I don’t think it’s a good idea for this behaviour to change automatically with the Python version, but it seems nice to have the option.
Floating-point numbers have a concept of signed zero. The sign should be taken into account when this is used in the denominator. The meaning of 0.0 is really more like limx->0+ x, and similarly for “negative zero”.
This seems like what NaN is for.
Unlike with real numbers, the “complex zero” doesn’t easily convey the angle at which 0 is approached. (0.0, -0.0, 0.0j, -0.0j are only four possibilities out of, as mathematicians reckon, uncountably many.) Consequently, dividing by it doesn’t give a clear result. Even if the angle is known, to specify the result properly, you’d need (positive) “infinity” paired with an angle, not the usual real-part + imaginary-part representation. (You can get some really weird behaviour if you try to mess around creating these kinds of values.) There is also in complex analysis the concept of “complex infinity” (complex value of infinite magnitude and unspecified angle), or the “line / circle at infinity” (the set of all values of infinite magnitude).
I probably still got some pedantic details wrong. The point I am trying to make is that complex numbers are… complex, and it would be better not to try to extend their functionality if there’s a chance of giving incorrect results.
My first thought is that I would expect a signed result. In integers, 0 is normally considered positive rather than negative. Here, it’s hard to draw inspiration from mathematics, because integers are not closed under division.
In fact, our lab returns different results, and these are all about the complex, or go to the inf.

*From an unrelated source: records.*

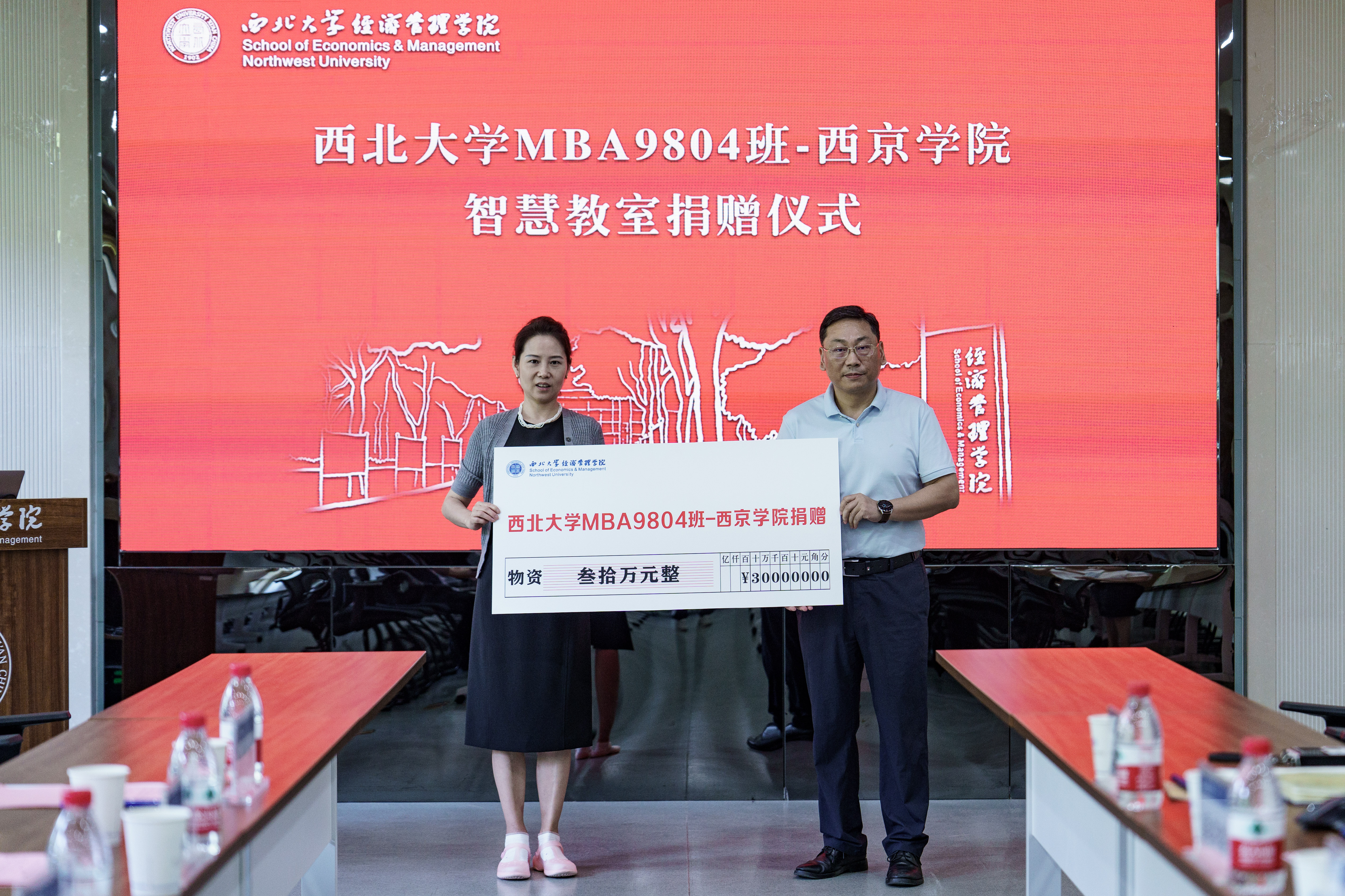 捐赠仪式上,任芳代表MBA9804班和西京学院向永利官网捐赠30万元智慧教室建设专项资金,崔延力代表学校向捐赠集体颁发了捐赠证书。
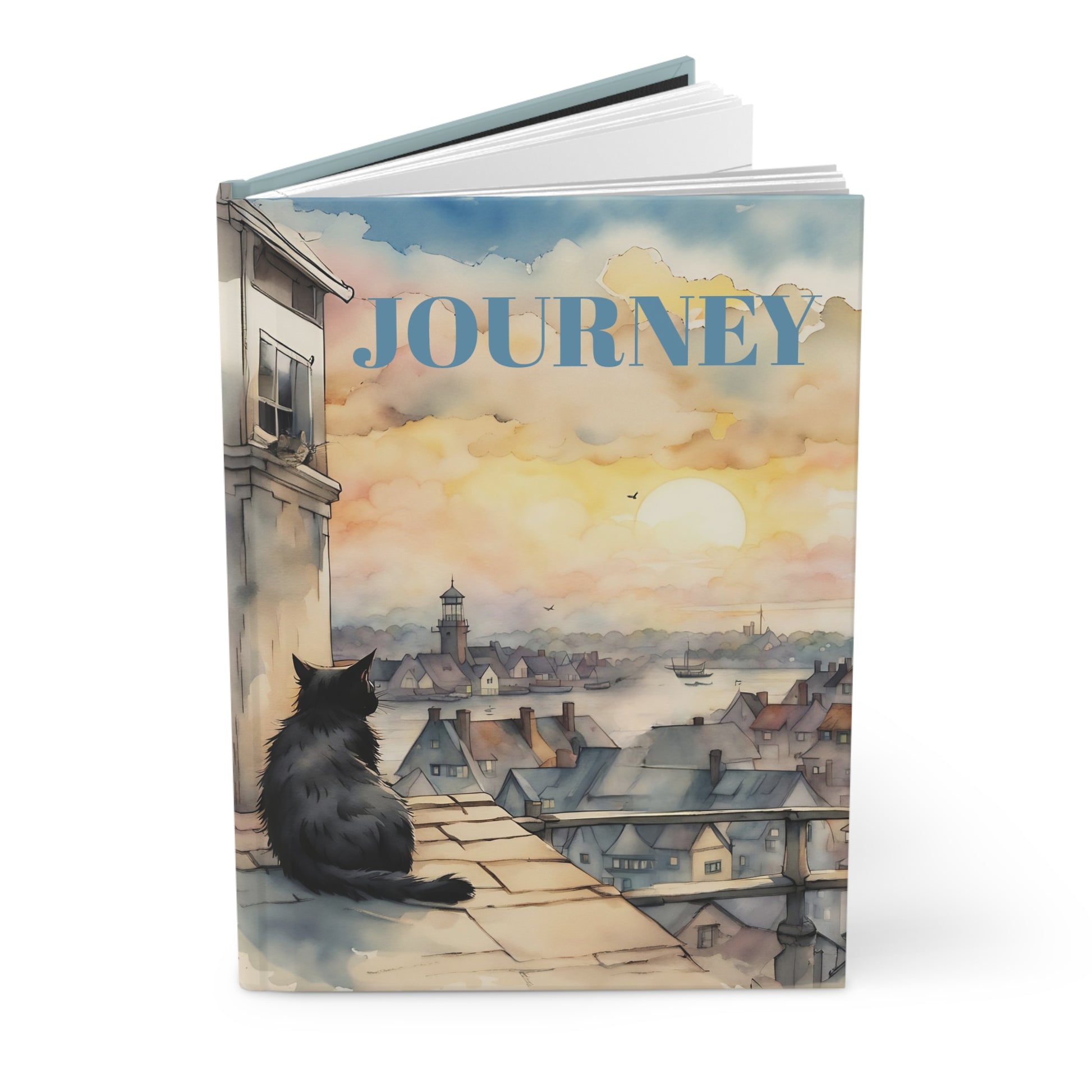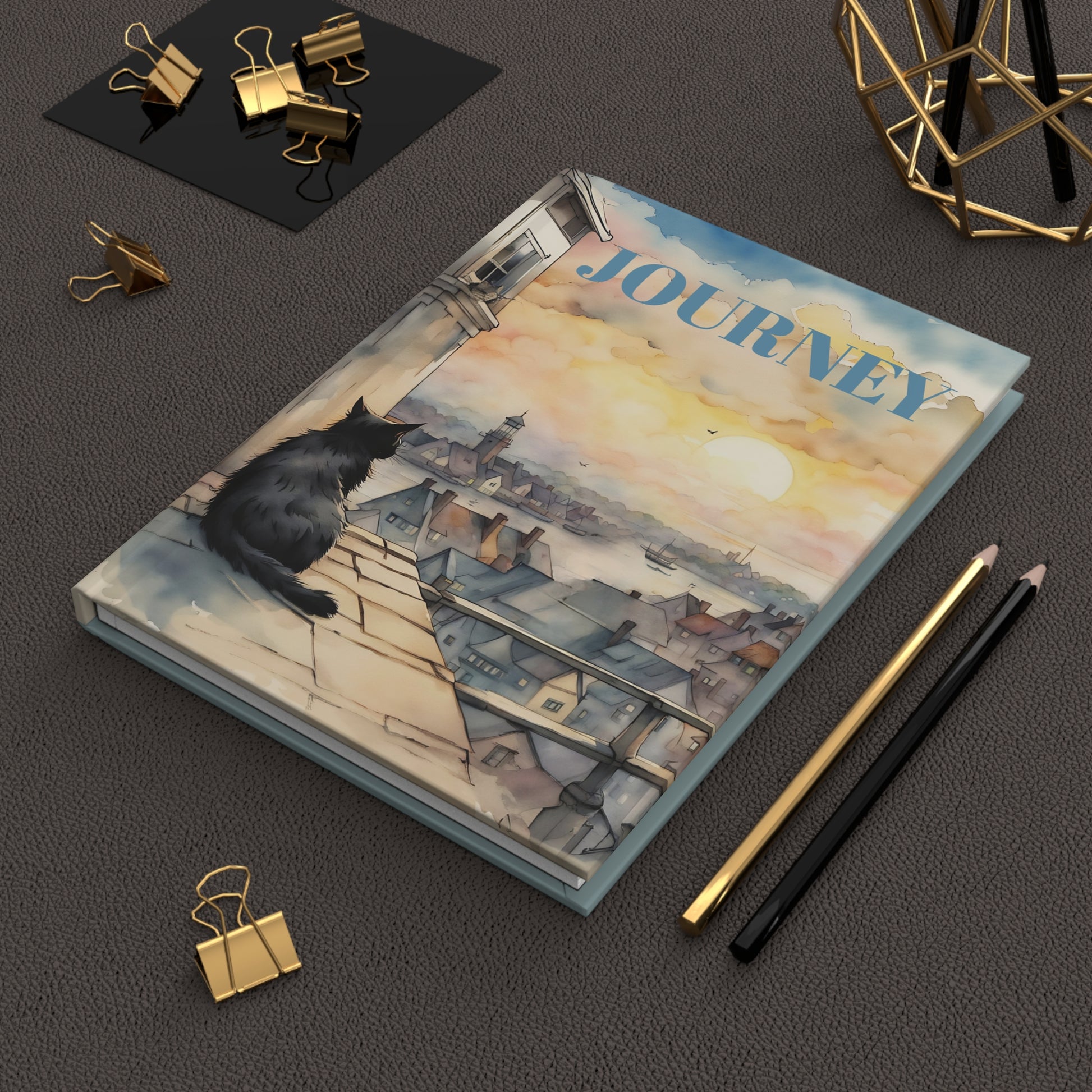 Black cat on a roof top hard cover Journal hard Cover ,Notebook gift art Matte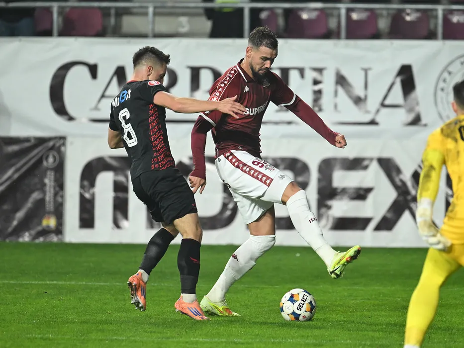 Lorand Paszka si Elvir Koljic in meciul de fotbal dintre Rapid Bucuresti si FK Csikszereda Miercurea Ciuc, din cadrul Superligii Superbet, desfasurat pe Superbet Arena-Giulesti din Bucuresti, vineri 28 noiembrie 2025. © FOTO:Razvan Pasarica/SPORT PICTURES

I am still figuring out which result is the best, and in what situation.
This is a bug in the Python division. I will also investigate the problem.
When trap is enabled, All of these calculations will raise SIGFPE. The reason is explained in that page. I think Python should keep the behavior as is.

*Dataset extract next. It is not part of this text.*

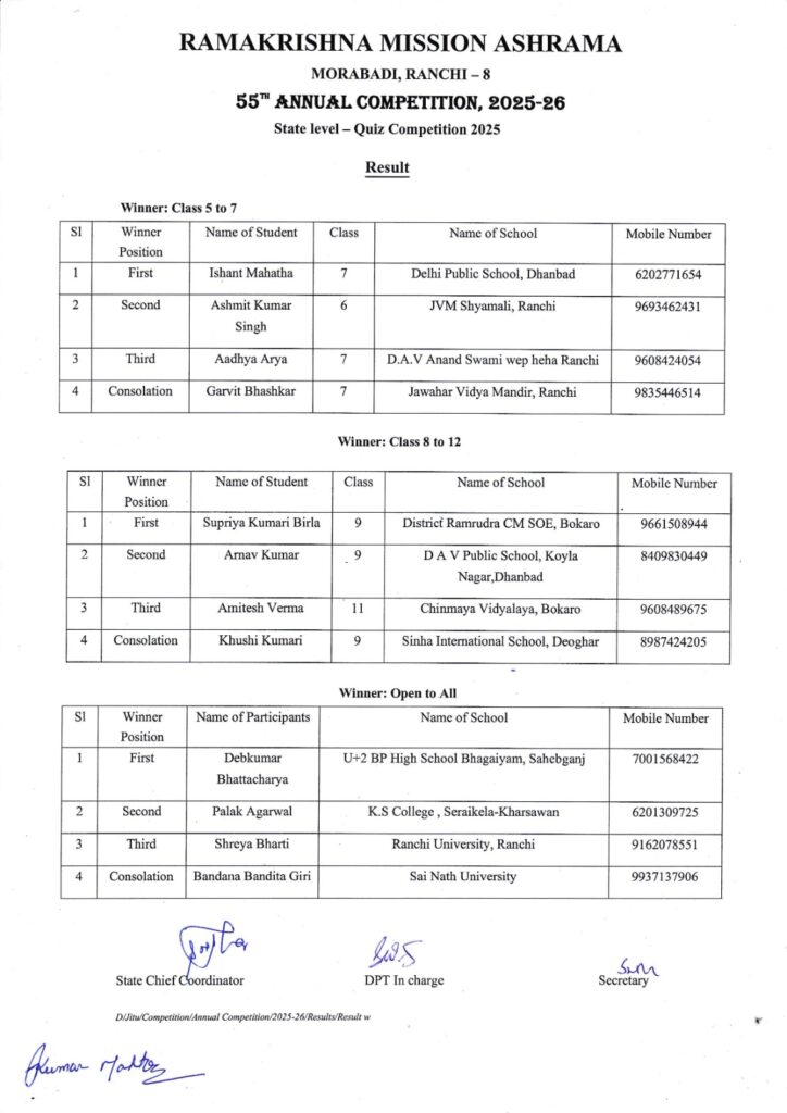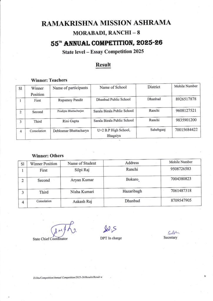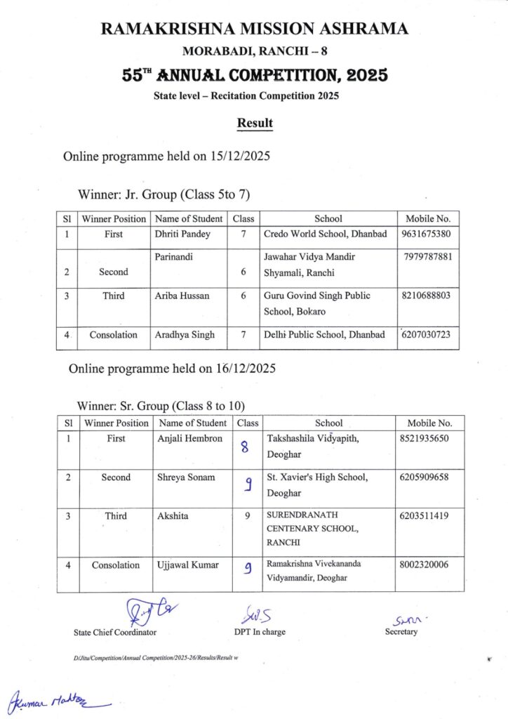 Ramakrishna Mission Ashrama, Morabadi, Ranchi-834008

Not backwards compatible. Changing how division by zero behaves would break existing code.
Mathematically wrong. In general, a / 0 is not inf, from a mathematical point of view. a / 0 is undefined. lim(x->0) a / x == inf for certain values of a, but lim(x->0) a / x != a / 0.
Most importantly, IMO, inf is significantly less useful than ZeroDivisionError in most cases. If I’m working on a piece of code and accidentally introduce a zero-valued denominator, I want to know that. If division of zero instead just produced inf,
the inf may propagate further through the program, causing it to break in a hard-to-predict fashion somewhere else.
I wouldn’t immediately know what went wrong even if I did catch the inf where it first appeared, because division by zero is not the only operation that could produce inf.